Of the records that follow, copy only the lines from the line containing "Spring Heeled Jack" to the line containing "The story of", both included, exactly as written.

_SUPPLIED DATA:_

────────────────────────────────────────

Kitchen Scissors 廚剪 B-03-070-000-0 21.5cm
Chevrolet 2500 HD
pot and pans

────────────────────────────────────────

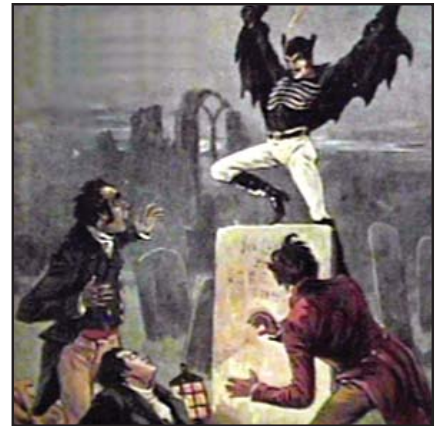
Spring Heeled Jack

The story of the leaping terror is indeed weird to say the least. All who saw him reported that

────────────────────────────────────────

_TASK SOLUTION:_
Spring Heeled Jack

The story of the leaping terror is indeed weird to say the least. All who saw him reported that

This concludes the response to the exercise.